Saturday, October 1, 2011

Addicted to reading

After Heidi, I couldn’t stop reading.  I couldn’t get enough words.  I became addicted in the third grade, and converted what I considered wasted time in class to reading time.   The time between writing one spelling word in a test and waiting for the next, I read another page in my book opened on the seat.  Mrs. Schultz knew what I was doing and never stopped me, although I was sent to the corner once for some other infraction, and my mother came into the room in some volunteer capacity.  As my back was to the room, I didn’t know until I got home that she knew I’d been bad.  At least I wasn’t in the closet with a bag over my head.  When we were in second grade, moving up, that was the word in the hall…hope you don’t get Mrs. Schultz, she puts you in the closet with a bag over your head.  We never knew anyone it happened to, but the rumored threat must have deterred all the behavior worse than my infraction.

I read walking home from school.  My feet knew every sidewalk crack and I did stop and look both ways before crossing the streets, I hope.  At home I lay on my stomach on my bed and read.  In the winter I got under the covers (no heat upstairs in the bedrooms!).  At night I used a flashlight I kept under my pillow.  As my mother made my bed every morning, my habit was no secret.
My ninth grade biology teacher was no credit to the profession.  My class was the first after lunch and he would come in, reeking, assign us a chapter to read, sit at his desk, tip his chair against the blackboard, put his feet up on a drawer and sleep.  I would read the chapter, then go to my latest book.  I never heard him come down the aisle.  He slammed an envelope on my desk, said “Give this to your parents and bring me the answer tomorrow!”  The bell rang.

I gave the envelope to my mother, who read it and said nothing.  My dad read it when he came home.  We ate dinner.  Finally dad said, “Show me your trashy dime novel in a brown paper cover.”  I had no such thing.  Dad suggested it might be the book right on top of my pile of school books.  “Dad, that’s your copy of Life on the Mississippi.  It had that cover on it when I took it off the bookshelf.”
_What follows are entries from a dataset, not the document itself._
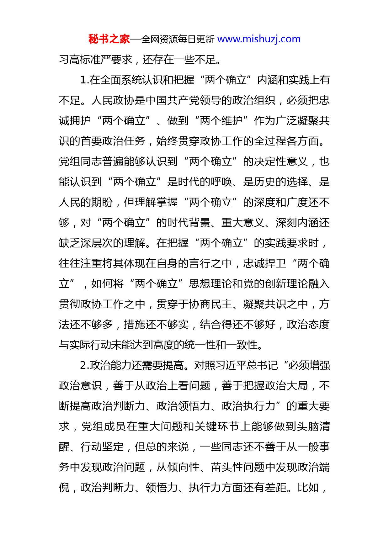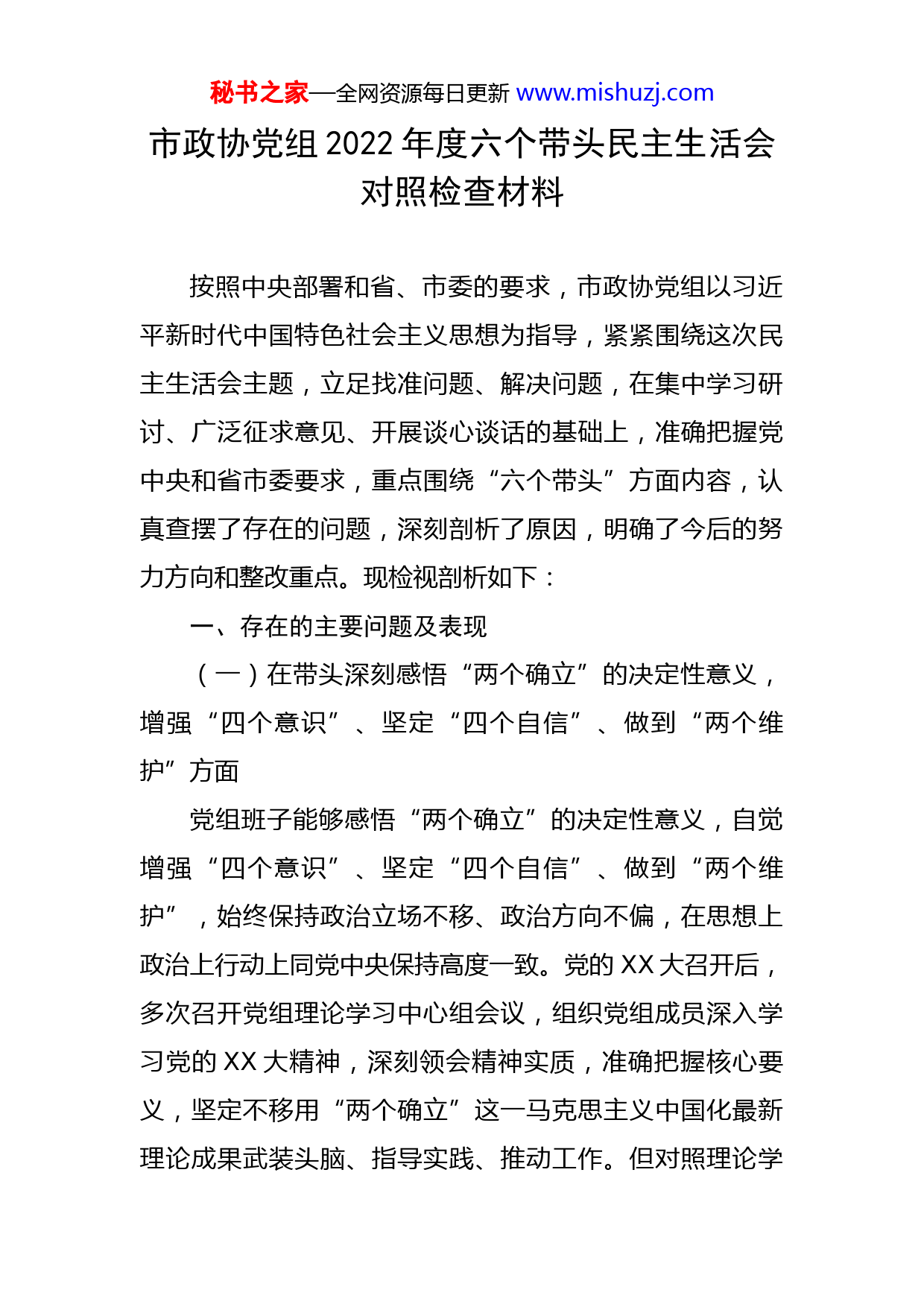 秘书之家—全网资源每日更新www.mishuzj.com市政协党组2022年度六个带头民主生活会对照检查材料按照中央部署和省、市委的要求,市政协党组以习近平新时代中国特色社会主义思想为指导,紧紧围绕这次民主生活会主题,立足找准问题、解决问题,在集中学习研讨、广泛征求意见、开展谈心谈话的基础上,准确把握党中央和省市委要求,重点围绕“六个带头”方面内容,认真查摆了存在的问题,深刻剖析了原因,明确了今后的努力方向和整改重点。现检视剖析如下:一、存在的主要问题及表现(一)在带头深刻感悟“两个确立”的决定性意义,增强“四个意识”、坚定“四个自信”、做到“两个维护”方面党组班子能够感悟“两个确立”的决定性意义,自觉增强“四个意识”、坚定“四个自信”、做到“两个维护”,始终保持政治立场不移、政治方向不偏,在思想上政治上行动上同党中央保持高度一致。党的XX大召开后,多次召开党组理论学习中心组会议,组织党组成员深入学习党的XX大精神,深刻领会精神实质,准确把握核心要义,坚定不移用“两个确立”这一马克思主义中国化最新理论成果武装头脑、指导实践、推动工作。但对照理论学秘书之家—全网资源每日更新www.mishuzj.com习高标准严要求,还存在一些不足。1.在全面系统认识和把握“两个确立”内涵和实践上有不足。人民政协是中国共产党领导的政治组织,必须把忠诚拥护“两个确立”、做到“两个维护”作为广泛凝聚共识的首要政治任务,始终贯穿政协工作的全过程各方面。党组同志普遍能够认识到“两个确立”的决定性意义,也能认识到“两个确立”是时代的呼唤、是历史的选择、是人民的期盼,但理解掌握“两个确立”的深度和广度还不够,对“两个确立”的时代背景、重大意义、深刻内涵还缺乏深层次的理解。在把握“两个确立”的实践要求时,往往注重将其体现在自身的言行之中,忠诚捍卫“两个确立”,如何将“两个确立”思想理论和党的创新理论融入贯彻政协工作之中,贯穿于协商民主、凝聚共识之中,方法还不够多,措施还不够实,结合得还不够好,政治态度与实际行动未能达到高度的统一性和一致性。2.政治能力还需要提高。对照习近平总书记“必须增强政治意识,善于从政治上看问题,善于把握政治大局,不断提高政治判断力、政治领悟力、政治执行力”的重大要求,党组成员在重大问题和关键环节上能够做到头脑清醒、行动坚定,但总的来说,一些同志还不善于从一般事务中发现政治问题,从倾向性、苗头性问题中发现政治端倪,政治判断力、领悟力、执行力方面还有差距。比如,秘书之家—全网资源每日更新www.mishuzj.com党组主动更新思想观念不够及时,在决策层面对一些重难点问题研究不够透彻,在落实请示报告、督促检查等机制上,能够严肃认真地贯彻执行,但在日常工作中,还存在沟通协调不到位、情况反馈不及时等现象。在学习贯彻党的XX大精神方面,看得多思考少,不能从更深层次去研究、理解和运用,特别是对党的XX大报告中提出的“完善人民政协民主监督和委员联系界别群众制度机制”,党组成员没有深入的理解和研究,也没有在集中学习讨论时提出改进的办法和措施。3.服务大局、把握大势、着眼大事的意识不够。党组作决策时能够站在全市的角度去考虑工作,紧紧围绕全市中心部署政协工作,但在思想认识上缺少从全国和全省的高度去看问题、找差距。在如何利用政协人才荟萃、智力密集的优势,为市委、市政府科学民主决策方面,做得还不够。比如,在制定政协年度协商计划时,虽然也考虑到全市工作大局和市委、市政府的重点工作,但在议题的选择上也考虑协商的议题好不好调研、有没有难度,对事关全市高质量发展的全局性问题和长期制约我市发展的深层次问题思考得不深、研究得不透,从制度、宏观、政策层面建言献策不够充分和深入。(二)在带头用习近平新时代中国特色社会主义思想凝心铸魂方面秘书之家—全网资源每日更新www.mishuzj.com1.学习不够深入,在“学懂”上有差距。有的同志能够及时跟进学习习近平总书记考察调研XX重要讲话重要指示精神、习近平总书记关于加强和改进人民政协工作的重要思想等,但对于习近平总书记在其他工作领域的最新讲话最新指示,还未做到第一时间深入学习、系统领会,理论学习浅尝辄止、不求甚解,对党的创新理论跟进不及时、关注不连续、学习不系统、研究不透彻,有时还习惯于听听新闻、看看报纸等碎片化、局部性的阅读和理解,精研深思少,照本宣科多,在理解、掌握和运用总书记最新指示精神方面还做得不够。2.领会不够到位,在“弄通”上有差距。虽然注重持续用习近平新时代中国特色社会主义思想武装党员干部头脑,但学习照本宣科、浮于表面比较多,对机关干部职工思想政治工作缺乏针对性、实效性,造成有的同志对习近平新时代中国特色社会主义思想的形成、发展历程,缺少系统性的思考研究,深入领悟其核心要义还不够。在引领政协委员学习领会习近平新时代中国特色社会主义思想方面做得也不够,虽然各专委会都建立了习近平新时代中国特色社会主义思想学习座谈小组,但每年仅开展一到两次学习活动,还存在只学习不座谈的情况,委员们被动地听一听,主动思考、交流体会比较少,特别是对习近平总书记
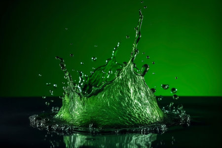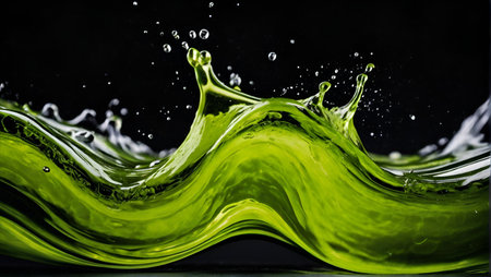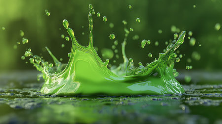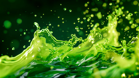 A dynamic and vibrant green liquid splashes in water, creating intricate patterns and droplets captured in sharp detail.
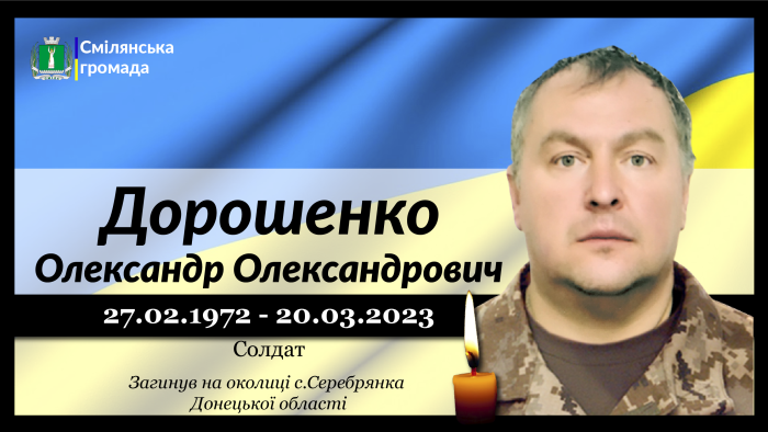 Солдат, стрілець-санітар першого мотопіхотного відділення другого мотопіхотного взводу другої мотопіхотної роти військової частини Збройних Сил України Олександр Дорошенко загинув 20 березня 2023 року в результаті мінометного обстрілу ворожої артилерії на околиці н.п. Серебрянка Донецької області.
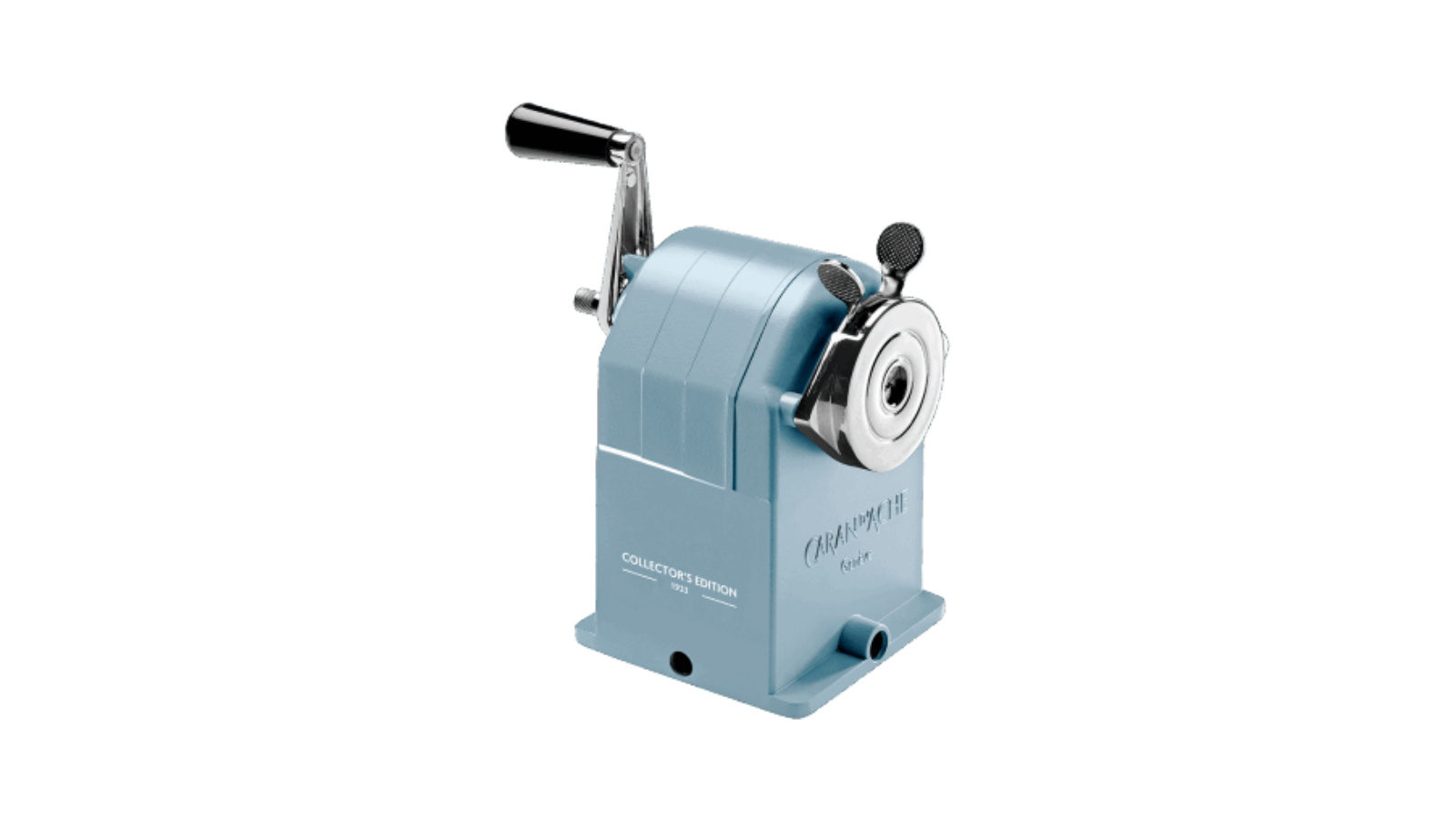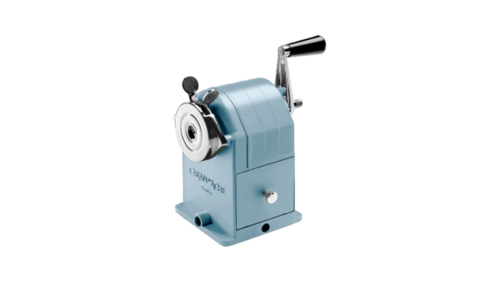 Temperamatite a manovella in metallo rivestito in blu ghiaccio iridescente dalla forma “antica”.
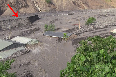 箭頭所指處,為凡那比之後,遭沖毀的堤防殘跡 |
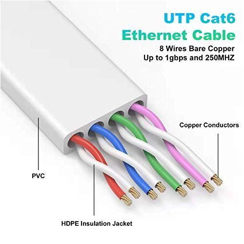 - PREMIUM MATERIAL: Our 50 feet ethernet cable is also made of 8 copper wires. The performance of UTP (Unshielded Twisted Pair) can be as high as 250 MHz and is very flexible. It can be tightly wound in a corner without affecting the speed. Crosstalk, noise and interference rarely occur
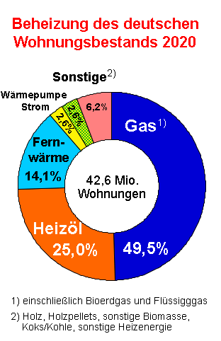 Von den rund 41 Millionen Haushalten in Deutschland heizt bisher nahezu jeder zweite mit Erdgas, gefolgt von Heizöl mit knapp 25 Prozent und Fernwärme mit gut 14 Prozent. Stromdirektheizungen und Wärmepumpen machen jeweils nicht einmal 3 Prozent aus. Die übrigen 6 Prozent entfallen auf Feuerungsanlagen für feste Brennstoffe wie Holz, Holzpellets, sonstige Biomasse und Kohle.
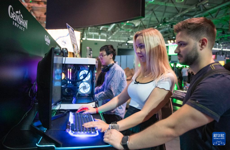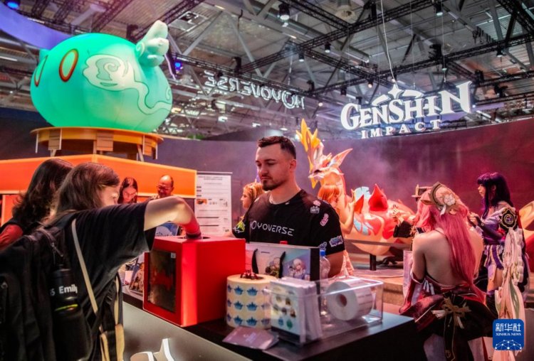 8月22日,人们在2024年科隆国际游戏展米哈游展台试玩游戏《原神》。
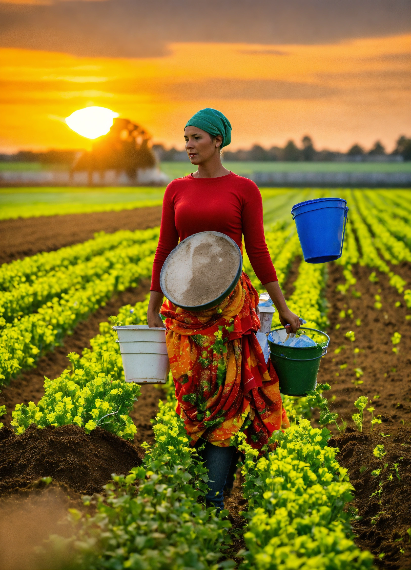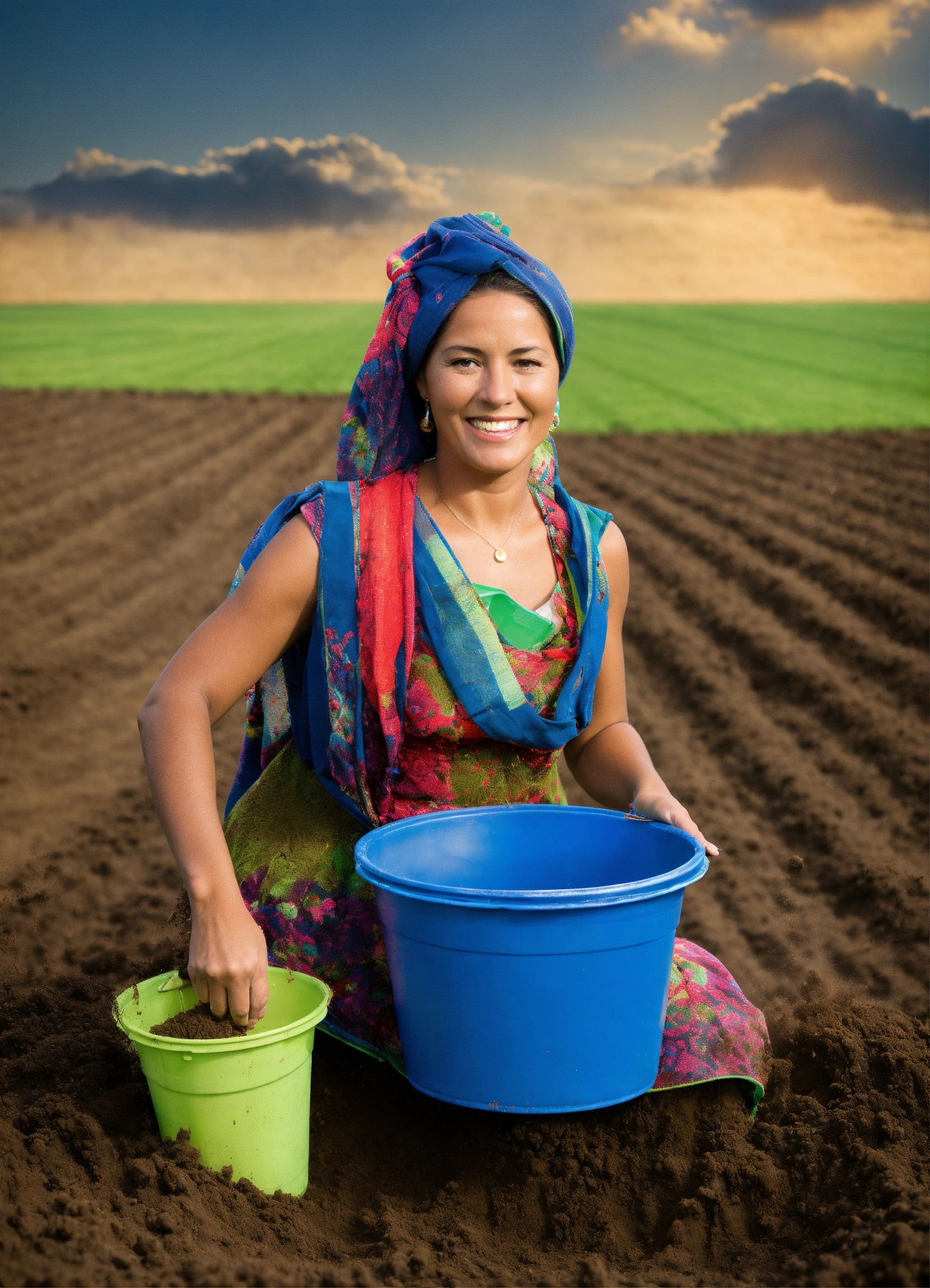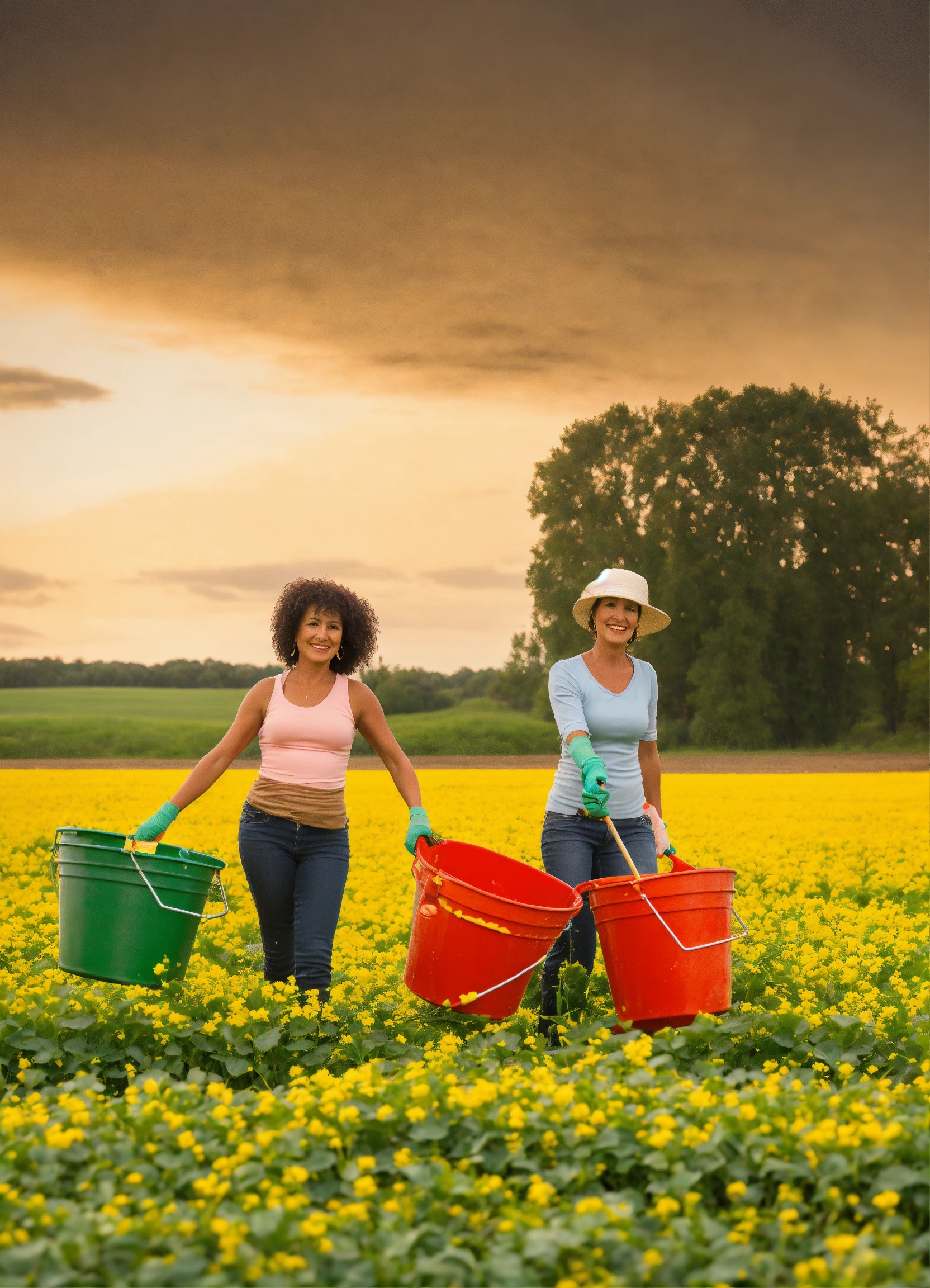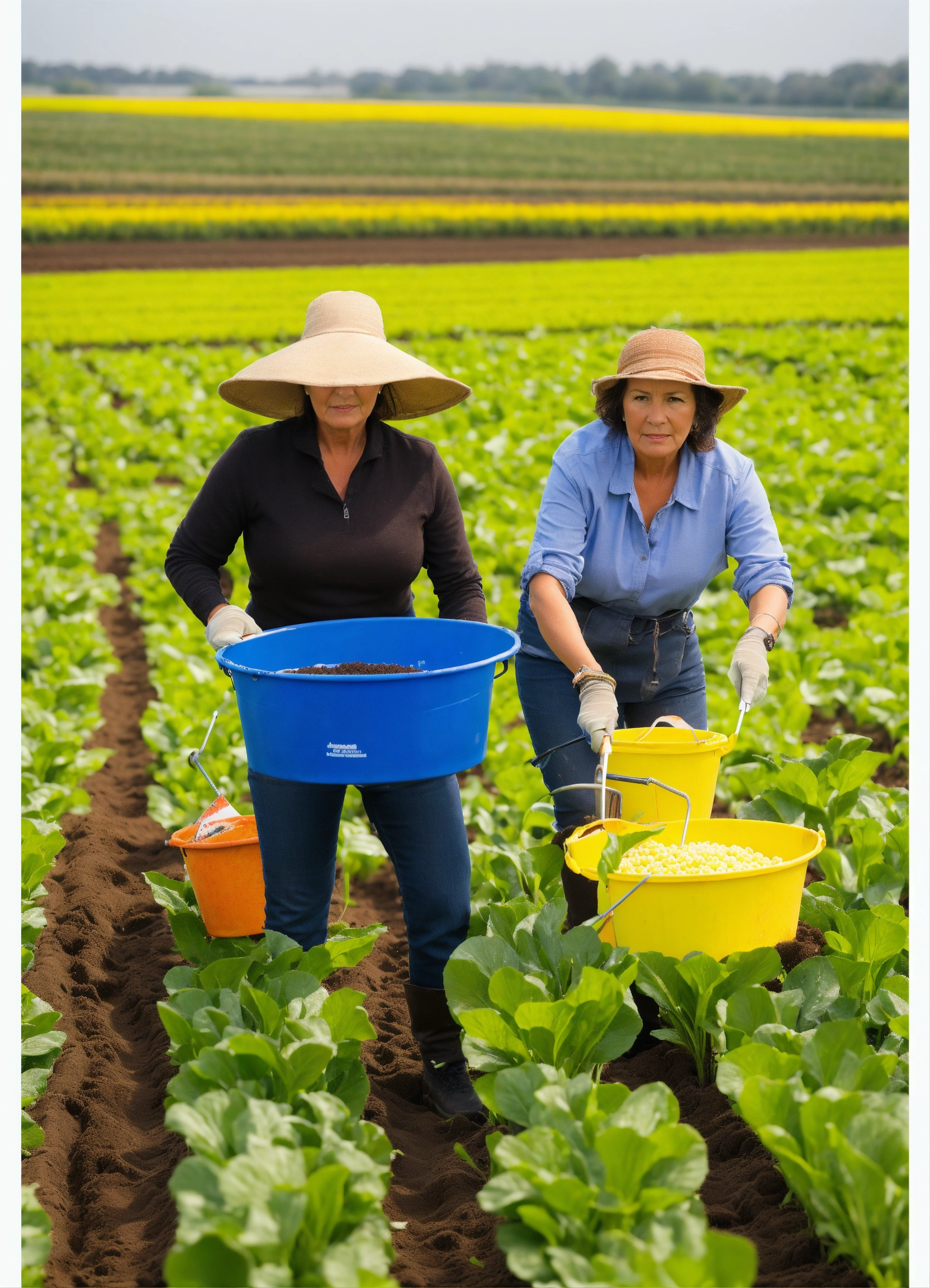 Many womans of 25 years of a different ethnicity spreader over the field with a small buckets of fertilizers

Dad gave me a letter in an envelope to give to my biology teacher.  He suggested I make my own decision about reading in class, when my other work was done and the teacher otherwise occupied.  Each of my brothers had the same teacher for biology and each said “No” when asked if I was their sister.  When Jan got up to ninth grade biology, he had been “dismissed.” 

When I was on the road driving to shows I addicted myself to audio books.  I’m not a great fan of movies, especially adaptations of books I love.  The characters in my head are not the ones I see on the screen.  Stories are abridged, plots modified to cover the gaps….on and on.  I’m seldom disappointed in the reading of an audio book.  The few times in the last twenty years one has fallen short, I’ve donated it to the library and found a recording by a different narrator.  So, I no longer walk down the street reading, but you can find me at the gym or in front of the sewing machine with my trusty MP3 player.    To everyone who never interfered, Thanks.  As for the biology teacher, what the heck.  He made my dad chuckle.  I wonder what dad wrote back.

5 comments:

  1. Good question: What did he write?

    My small town school had minimum classroom libraries. The teachers let me move up the ladder and read other class books. By fifth grade, I had read all the books in the 1-8th grades. I understand the addiction.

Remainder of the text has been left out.